Question

Piperidine is subjected to exhaustive methylation and the quaternary iodide is heated with moist \(\mathrm{Ag}_{2} \mathrm{O}\) and the number of double bonds present in the product formed is/are

Short answer

The product formed has 1 double bond.

Step-by-step solution

Identify the Starting Material and Reaction

Piperidine is a heterocyclic compound which, when subjected to exhaustive methylation, is converted into its quaternary ammonium iodide. This means that the nitrogen atom in piperidine will be fully methylated, converting it into a quaternary ammonium salt.

Analyze the Reaction with Ag2O

When the quaternary ammonium iodide is treated with moist Ag2O, it undergoes a Hofmann elimination reaction. In this reaction, the hydroxide ions generated from Ag2O cause the elimination of the least hindered alkyl group, resulting in the formation of an alkene.

Determine the Product Formed

The product formed in the Hofmann elimination will have a double bond between carbon atoms adjacent to the nitrogen. Given that piperidine has a cyclic structure, the most favorable elimination results in the formation of a double bond between the ring members.

Count the Number of Double Bonds

In the product formed, the cyclic structure of piperidine undergoes an elimination that typically results in one double bond being incorporated into the 5-membered ring. Thus, only one double bond is formed.

Key concepts

Piperidine

Piperidine is a six-membered ring compound that contains one nitrogen atom. This nitrogen atom acts as a basic center in the molecule, which can participate in various chemical reactions. Piperidine is classified as a heterocyclic compound due to the presence of a non-carbon atom (nitrogen) within its carbon-containing ring.

When piperidine undergoes exhaustive methylation, it transforms into a fully methylated quaternary ammonium compound. This process involves the addition of methyl groups to the nitrogen until it carries no hydrogen atoms anymore.
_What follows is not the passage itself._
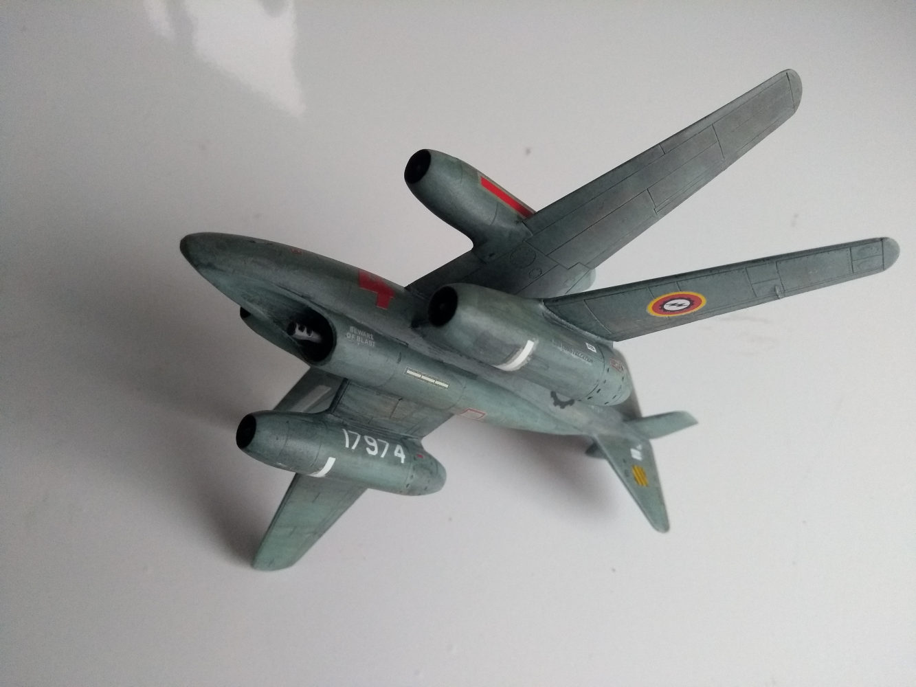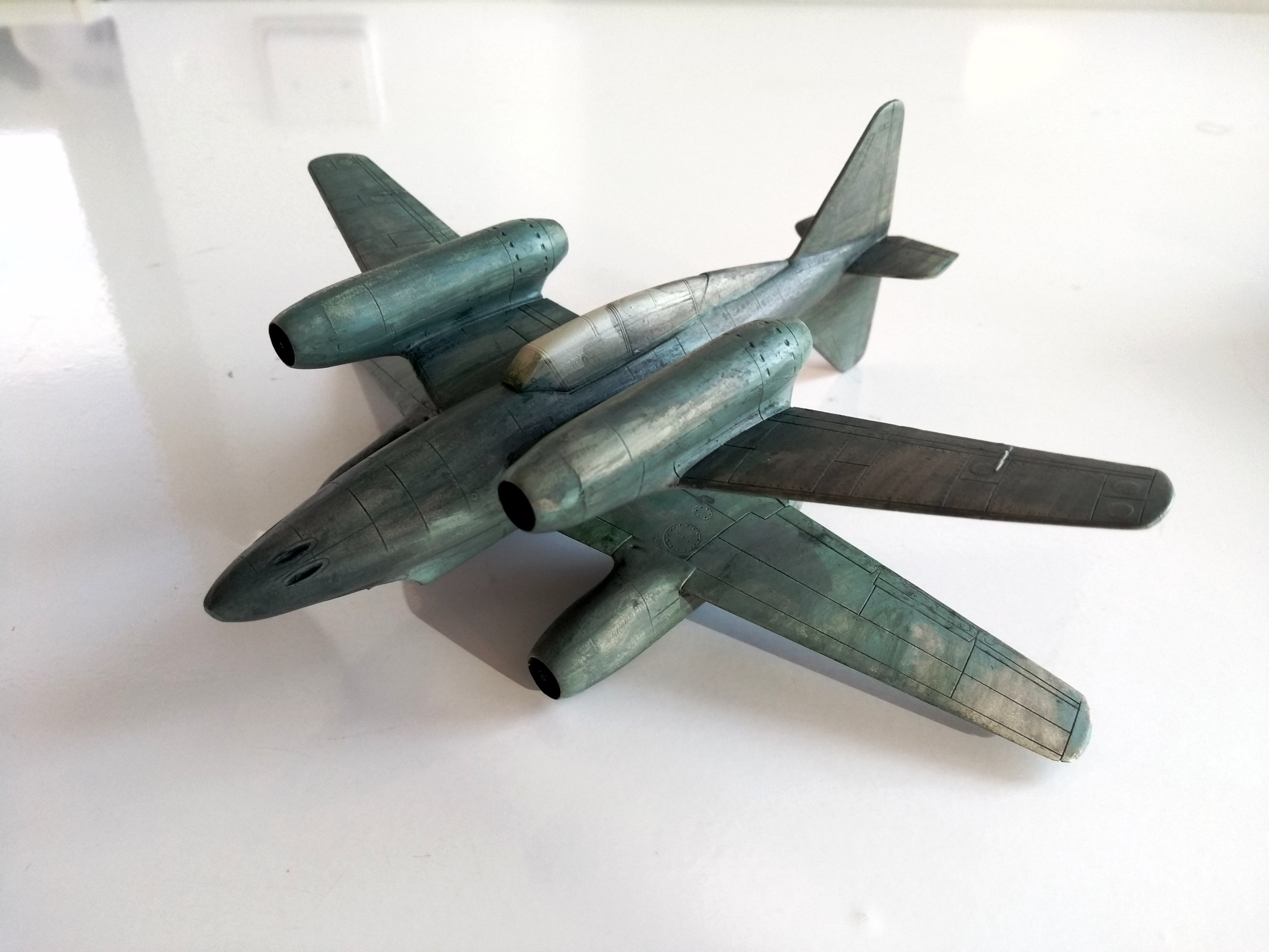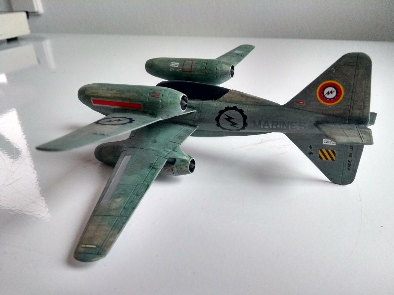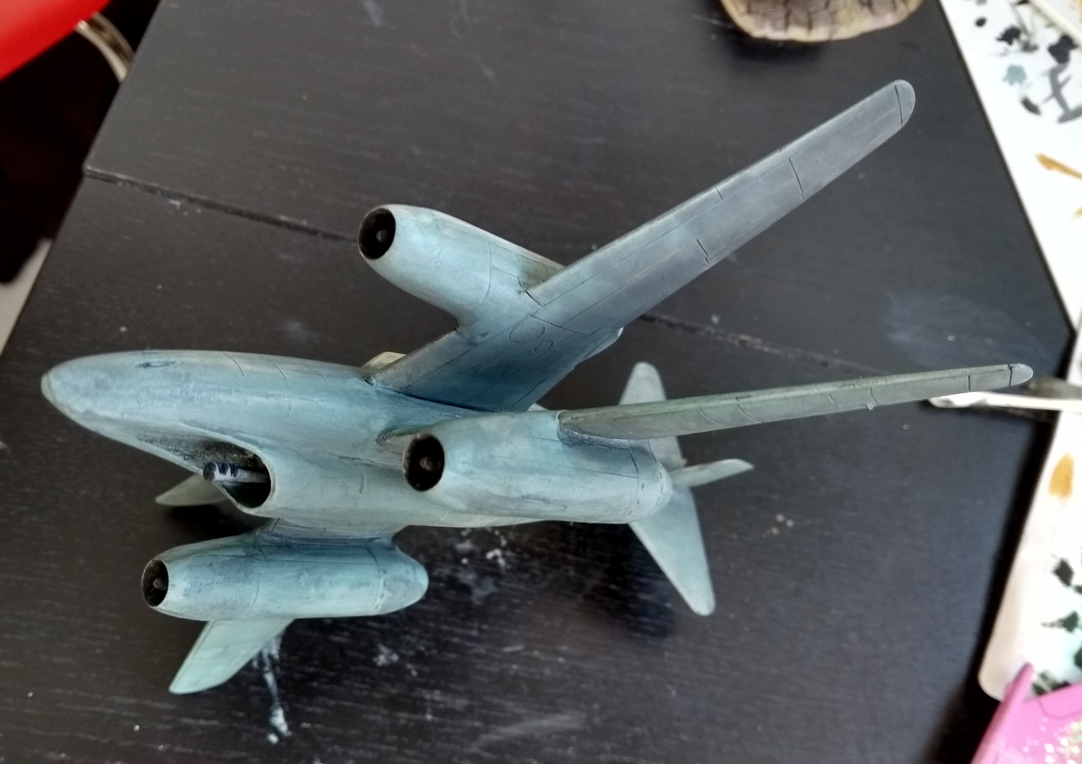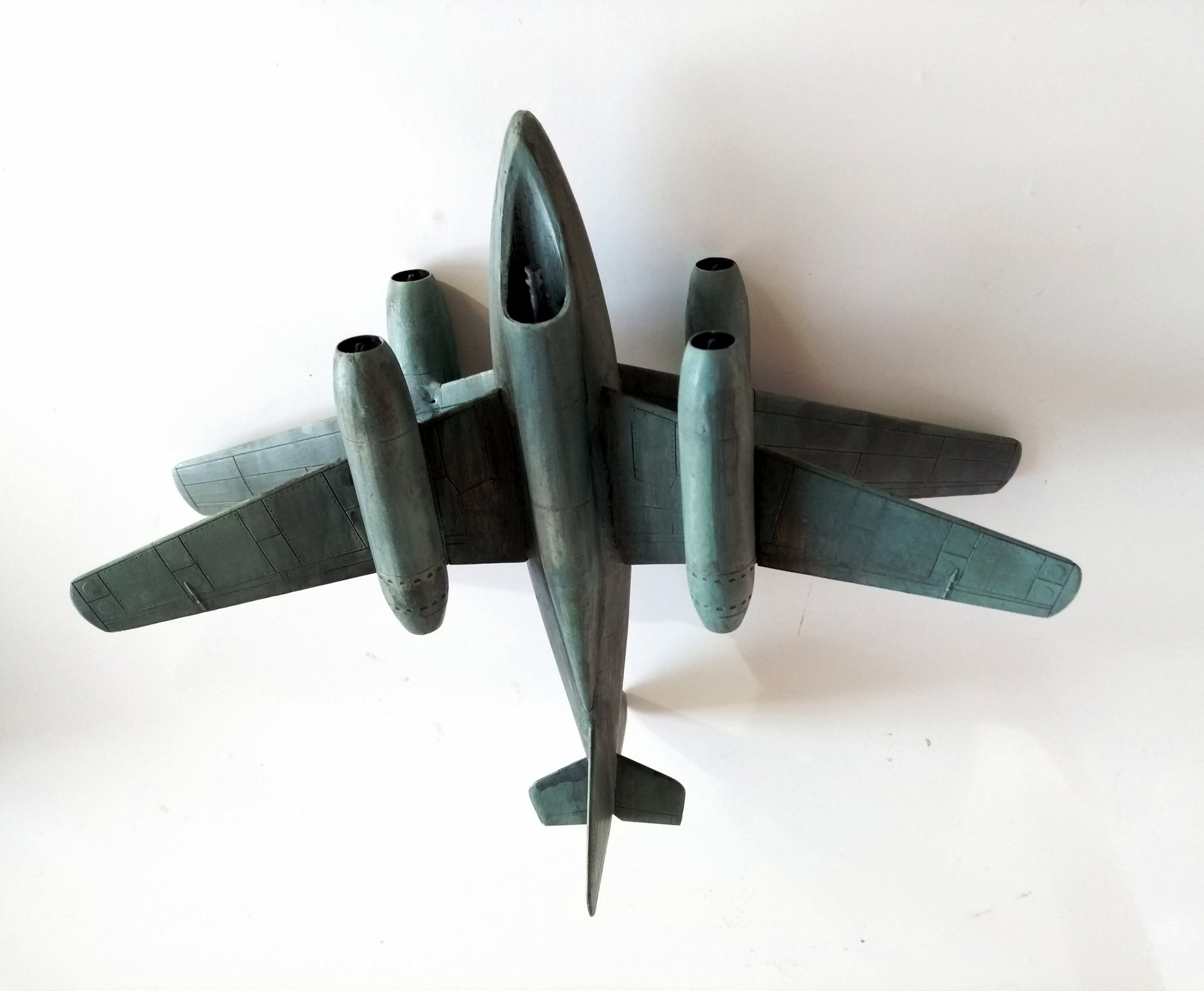 Aus den 2 zertrennten Bauchsegmenten der letzten 262 ( x Wing ) habe ich prima intakes gebastelt und auf dem Flügel einer Mig 31 platziert die dann am Rumpf einer He219 befestigt und mit Canards aus dem Leitwerk einer 747 ein Flugzeug ergeben .

Each methyl group replaces a hydrogen, resulting in a positively charged nitrogen with four attached alkyl groups.

Quaternary Ammonium Salt

A quaternary ammonium salt is a type of ionic compound. This compound forms when a nitrogen atom in a molecule gains four substituents, turning it into a positively charged ion.

In the context of piperidine, exhaustive methylation leads to the formation of a quaternary ammonium iodide. Here, the nitrogen atom now carries four methyl groups. The presence of iodide balances the positive charge of the nitrogen, leading to a neutral ionic compound overall. Quaternary salts like these are often used as intermediates in organic syntheses, as they can readily undergo elimination reactions.

Alkene Formation

Alkenes are hydrocarbons characterized by the presence of double bonds between carbon atoms. The formation of alkenes often involves elimination reactions. In the case of piperidine's quaternary ammonium salt, the reaction with moist Ag extsubscript{2}O facilitates an elimination reaction known as Hofmann elimination.

During Hofmann elimination, the hydroxide ions generated from Ag extsubscript{2}O cause the removal of a small, less hindered alkyl group from the molecule. This removal leads to the formation of a double bond. In our specific case involving piperidine, the process results in an alkene with a double bond along the existing cyclic ring, favoring the formation of a product with one double bond due to piperidine's symmetrical structure.

Cyclic Structure

The cyclic structure of piperidine plays a key role in determining the outcome of chemical reactions that it undergoes. This six-membered ring provides structural stability, but it also dictates the pattern of bond formation and breaking during reactions.

In Hofmann elimination, this cyclic nature influences the location where the double bond will form. Typically, the double bond forms between carbon atoms within the ring, adjacent to the nitrogen. Thus, the cyclic structure not only maintains the overall geometry of the molecule but also directly impacts how many and where the double bonds can be formed. In our reaction, only one double bond is incorporated into the piperidine ring as a result of these constraints.